Noorzadeh et al. proposed the 3-D paradigm (Noorzadeh et al., 2020), as shown in Figure 5. The 3-D devices needed to consider how to display 3-D data in a separate image of each eye, so a virtual keyboard was specially set to protect the visual system. It intensified the rows, columns, and depths to cover the symbols, while the classical 2-D paradigm only flashed the rows and columns. The intensified letters would become bigger and the color turned out to be green in the 3-D paradigm to hint the subjects the intensifying row/column/depth. This study compared the classification accuracy and capacity between the 2-D page and the 3-D extended page of the classic P300 speller and verified them through marginal probability, which was based on the experiment of 16 volunteers as the dataset. However, experimental data showed that the classification accuracy of the 3-D interface was lower than that of the classical 2-D paradigm due to the low detection accuracy of the depth planes. This might be because when focusing on the target symbol, the subjects might be distracted by the non-target flashing depth layers. The 3-D paradigm also achieved a lower ITR than the classical 2-D paradigm.

FIGURE 5

Figure 5. A 3-D virtual paradigm proposed by Noorzadeh et al. (2020). (A) Flash on rows. (B) Flash on columns. The three depicted target flashes indicate character “F”. Modified from Noorzadeh et al. (2020).

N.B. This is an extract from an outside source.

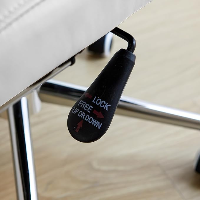 Livinia Modern Executive Office Chair with Patterned Back Design, Chrome & Leather Swivel Chair with High Back, Adjustable Height, Removable Armrests, and Wheels for Home Office (White(Chrome))

In addition, the authors proposed another flashing approach, which considered each 3-D layer as separate 2-D planes, and all 2-D planes functioned in parallel, called parallel 2-D. The flashing approach of each plane followed the classical row/column paradigm. From the conclusion of the research, the parallel 2-D paradigm reached a similar classification accuracy and ITR as the classical one. The accuracies of the classical 2-D, 3-D, and parallel 2-D methods are 75.16%, 73.25%, and 74.65%, respectively, and the ITRs are 62.4, 58.35, and 62.25 bits/Flash, respectively. In addition, subjects considered the 3-D paradigm to be more comfortable than the classical 2-D paradigm. Seventy-five percent of the subjects preferred the 3-D paradigm for its comfort and ergonomic design in the survey carried out in the experiment.

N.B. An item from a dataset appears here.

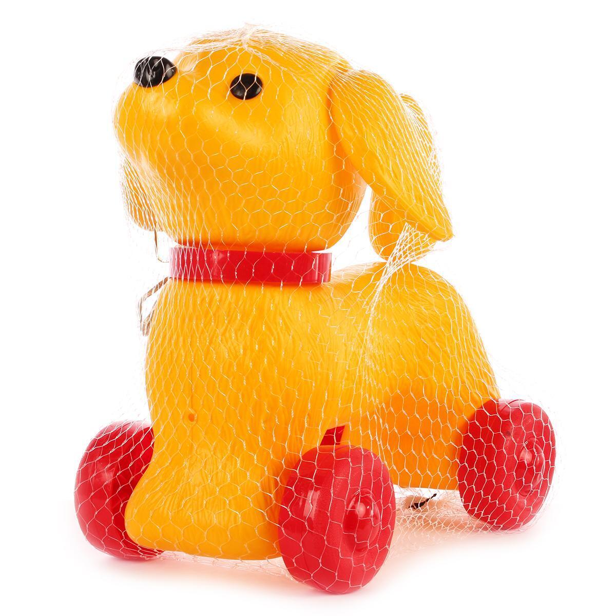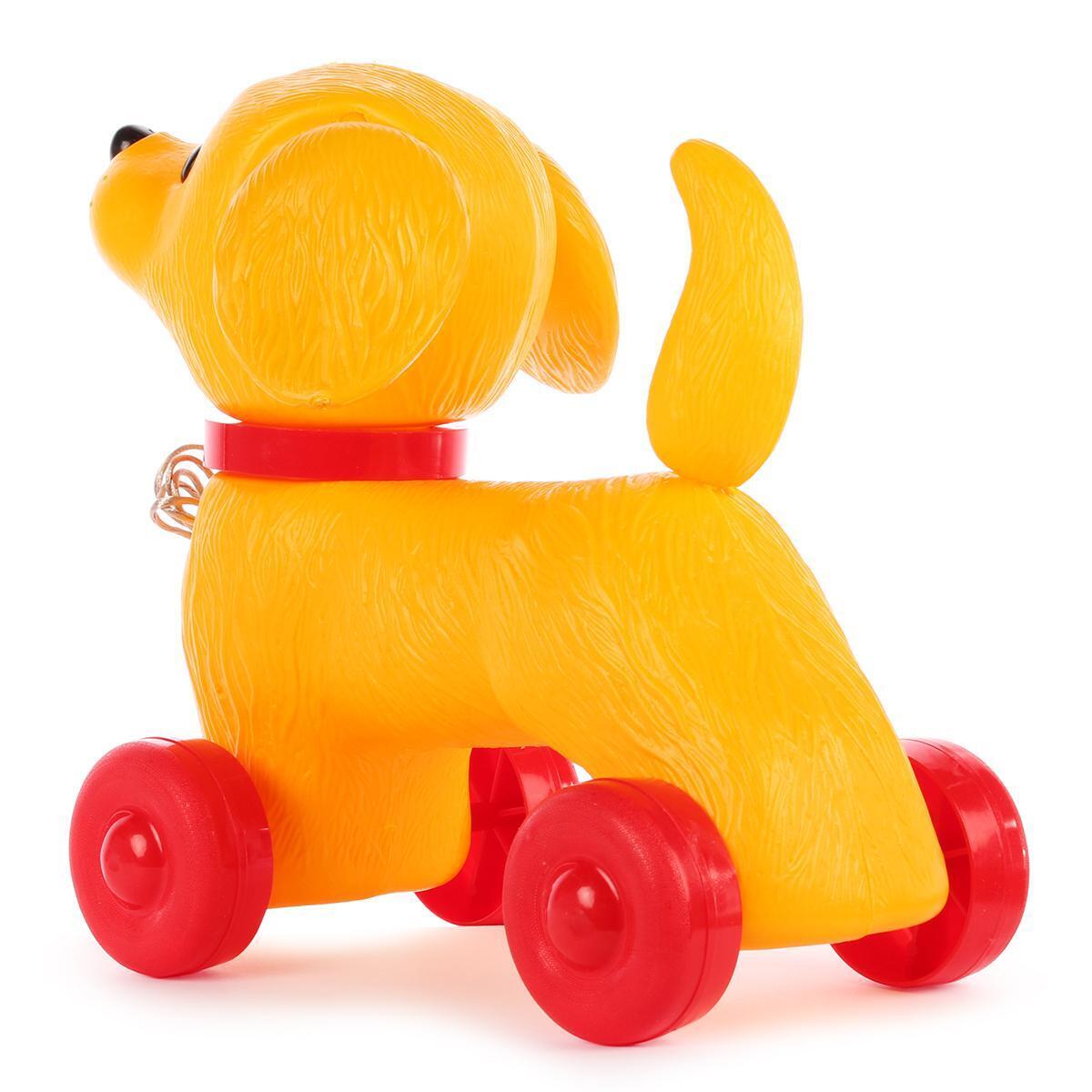 Каталка детская «Собачка» для первых шагов, пластик, желтый с красным, 26x15x27см

Inspired by the ideas of the 3-D single flashing paradigm in Qu et al. (2018) and column-only flashing in Ramirez-Quintana et al. (2021), Korkmaz et al. (2022) proposed a 3-D column-only P300 speller in. The columns of the paradigm flashed in a pseudorandom order, and the rows were transposed and intensified also by column. The proposed paradigm not only performed better than the traditional 2-D paradigm but also reduced the workload of the users. In addition, the system used few EEG electrodes, which made it more suitable for practical implementations.

In Du et al. (2019), Du et al. designed three 3-D paradigms in virtual reality (VR) and tried to explore whether higher or similar responses of P300 potentials were induced compared with the 2-D paradigm. They found that stimuli presented with the 3-D effect in VR had better class discriminant than the 2-D paradigm.

Yao et al. (2018) presented an SSVEP speller and achieved good performance. To our knowledge, no complete P300 speller system in VR has been proposed until now, while VR has great potential to evoke higher ERP amplitudes in stimuli presentation. Table 4 lists the representative P300 spellers with multiple intelligent techniques. In future work, research on the P300 speller can focus on presenting the 3-D interface in a VR environment. In addition, researchers can try to address the issue of asynchronous control of these novel P300 spellers in their future work.

TABLE 4

Table 4. Summary of the P300 speller with multiple intelligent techniques.

Discussion

P300-based BCI spellers are one of the most traditional BCI applications. This article primarily discusses the progress of research into P300 BCI spellers. Several representative P300 spellers were reviewed, including their design principles, paradigms, algorithms, experimental performance, and corresponding advantages. Ever since its concept was first conceived 34 years ago, the P300 has evolved from what was the single-modal speller model designed for only one type of sensory organ into that which is predicated on multiple brain patterns and that featuring multi-sensory stimuli. At this point, researchers are focusing on the angle of multimodal integration to make strides toward optimizing the P300’s performance and user experience. In fact, the most recent iteration highlighting multiple intelligent techniques is the product of relevant optimization that emphasizes the 3D design paradigm and ergonomics.

Compared with other EEG signals such as SSVEP and MI, P300 has its own unique advantage. Many people can produce P300 signals through oddball stimuli, which have been proven to be the most suitable ERP signal. In addition, P300 is well suited for solving problems with many options due to its oddball inducing mechanism and is thus often used in spelling systems. The SSVEP-based paradigm tends to cause visual fatigue in healthy subjects and can even induce epilepsy-like EEG activity in some patient groups, although it seems to be superior to the P300-based paradigm in terms of accuracy and ITR (Allison et al., 2010). MI-based BCI systems need more training time, and many users find it difficult to finish MI tasks without training.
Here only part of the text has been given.